Britain’s government has said it would levy World Trade Organization tariffs on goods imported from the EU if it leaves the bloc without a settlement, a probability which some economists put at roughly 25 percent.

That would mean tariffs of up to 45 percent on some dairy imports while some meat would face a 37 percent levy, researchers from the University of Sussex and the Resolution Foundation, a think tank focused on the low-paid, said.

A typical middle-income household would pay an extra 260 pounds a year, even taking into account a partial shift to cheaper and British-produced goods, they said.

That was equivalent to an extra 0.9 percent in household spending. The poorest 10 percent of households would see their bills rise by 1.0 percent, and the richest 10 percent by 0.8 percent.

“A ‘no-deal’ scenario … will increase the cost of essential goods, such as food and clothes, which will impact most adversely on those households who already struggle to get food on the table,” Sussex researcher Ilona Serwicka said.

The actual cost rise would vary significantly depending on individual spending patterns and some less well-off households could see their costs go up by more than 500 pounds a year.

British finance minister Philip Hammond said on Monday he did not think there was a rising danger of failure to reach a Brexit deal before Britain leaves the EU in March 2019, despite concern among many investors.

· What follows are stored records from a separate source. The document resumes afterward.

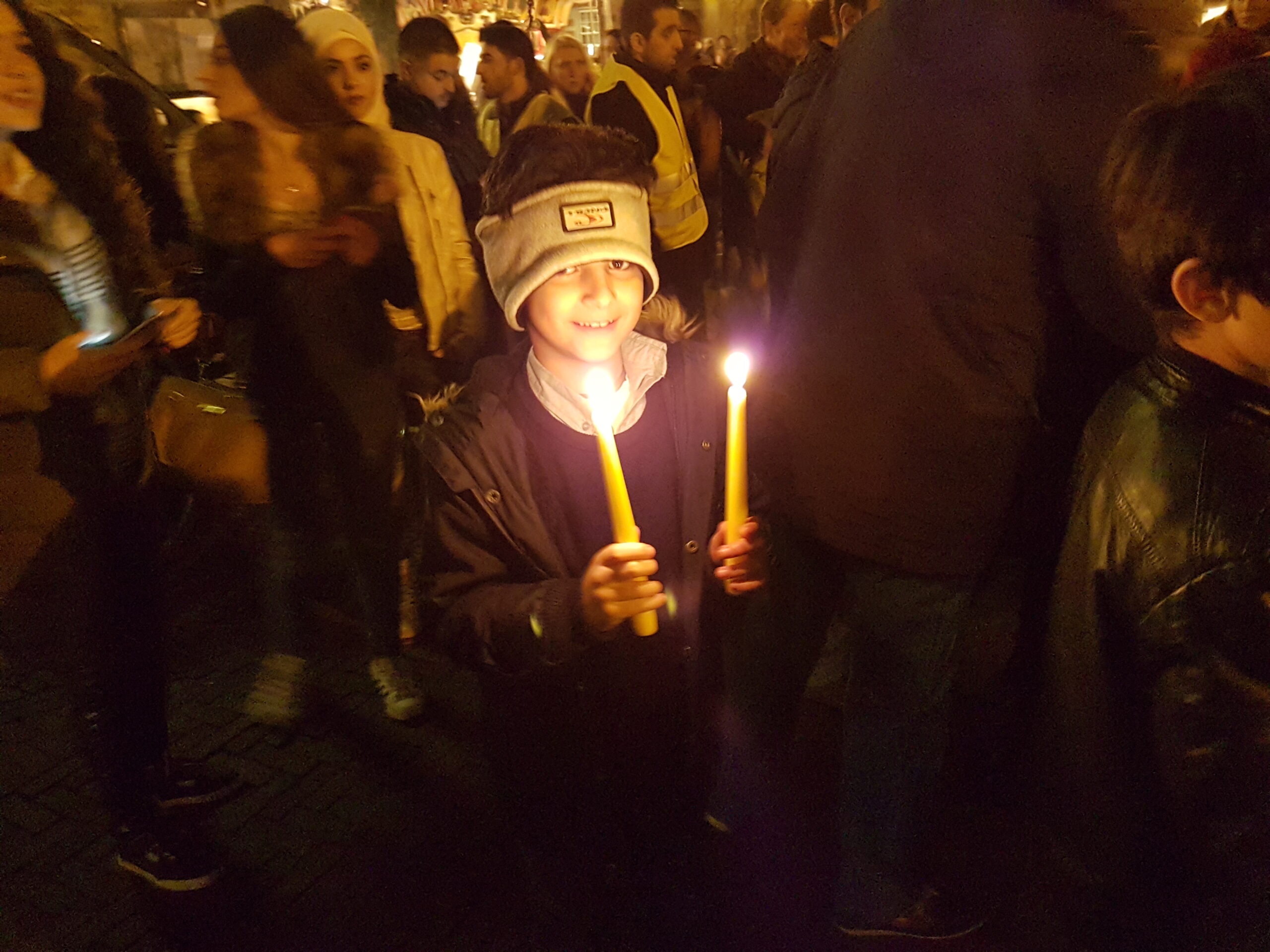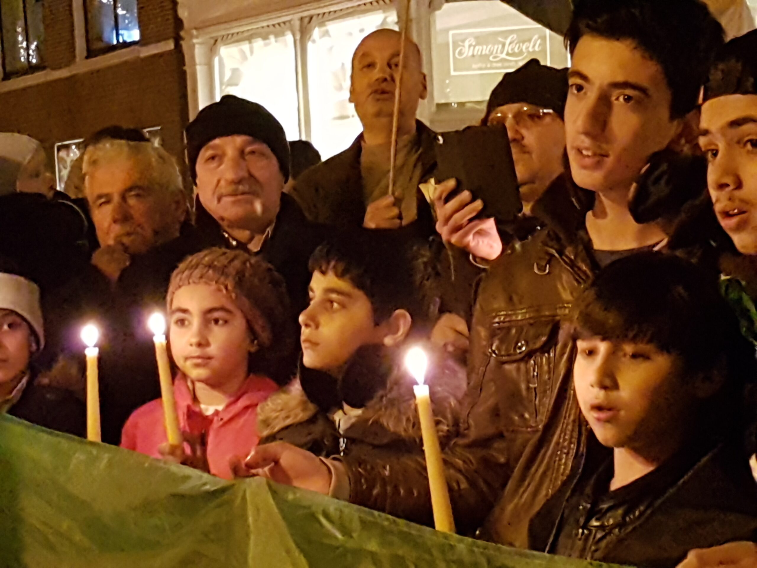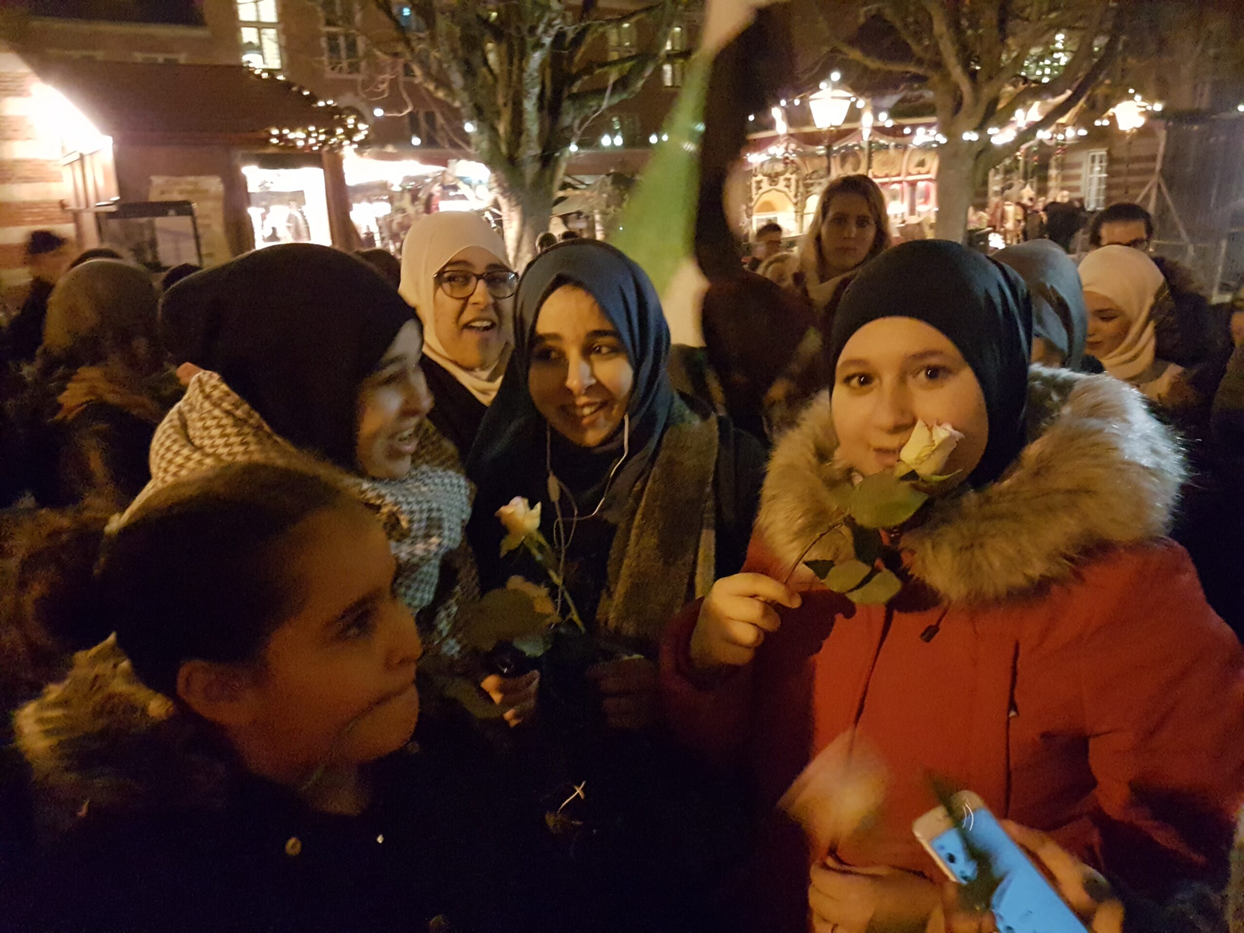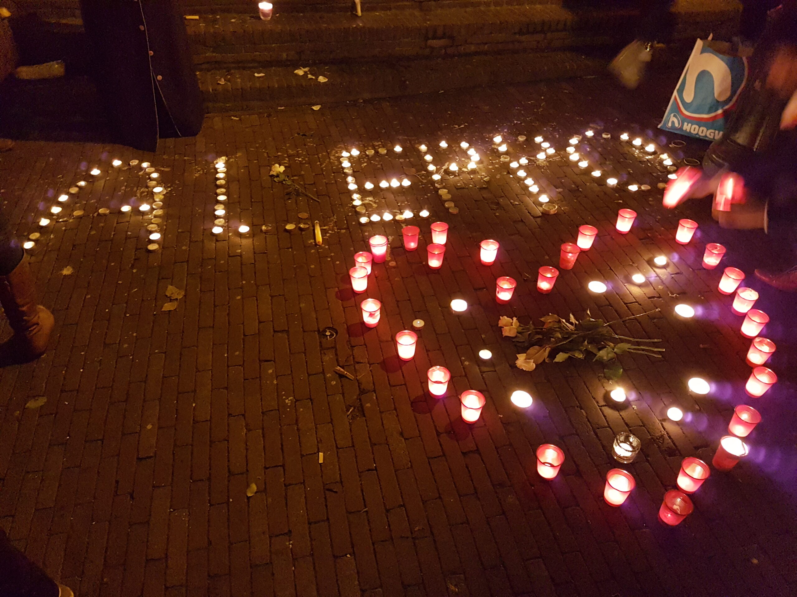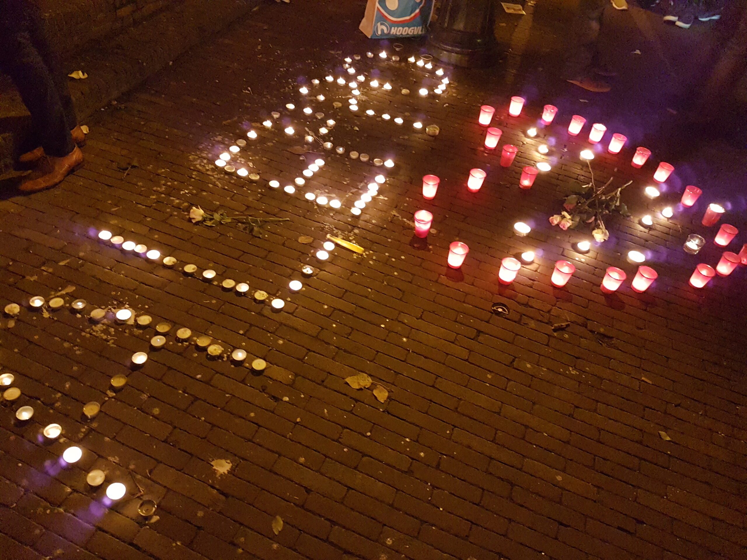 Op de trappen van de brug worden kaarsen gebrand. Op straat wordt met waxinelichtjes het woord Aleppo ‘geschreven’. Daaronder een hart van orde kaarsjes. Ook de deelnemers aan de bijeenkomst dragen kaarsen bij zich. En bloemen. Die delen ze uit.
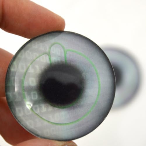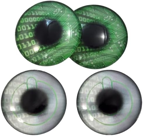 - GLASS EYES: Glass eye cabochons for jewelry making, sculptures, taxidermy, and other crafting projects. Two pairs of 40mm cyberpunk inspired glass eyes (1 Green Computer Code pair, 1 Tech Power Button pair).
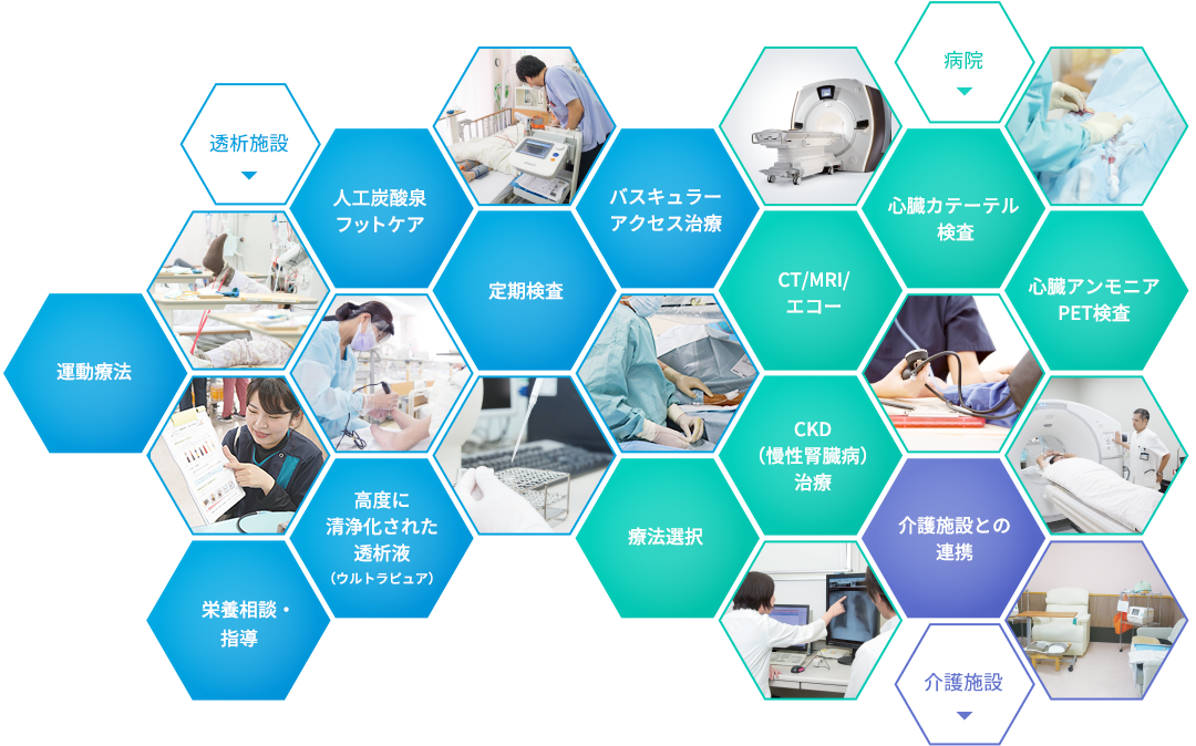 偕行会グループは、高い専門性で合併症の予防から治療まで総合的にサポートしています。透析患者様は全身の動脈硬化や免疫力の低下など、病気になるリスクが高いと言われています。合併症を予防、早期発見・治療するため、グループ内で透析施設・病院・介護施設が連携し、きめ細やかな対応を行っています。

Some Brexit supporters have said Britain would benefit from scrapping all tariffs on goods imports after it leaves the EU, regardless of what the bloc does for UK exports.

Tuesday’s report said this could save the average household 130 pounds a year, or 0.5 percent of typical spending.

But the researchers said some industries, such as meat processing, and the rural parts of England where they are concentrated would suffer a big hit in the face of cheap imports and scrapping tariffs immediately would make it harder to get tariff-free access for British exports in future.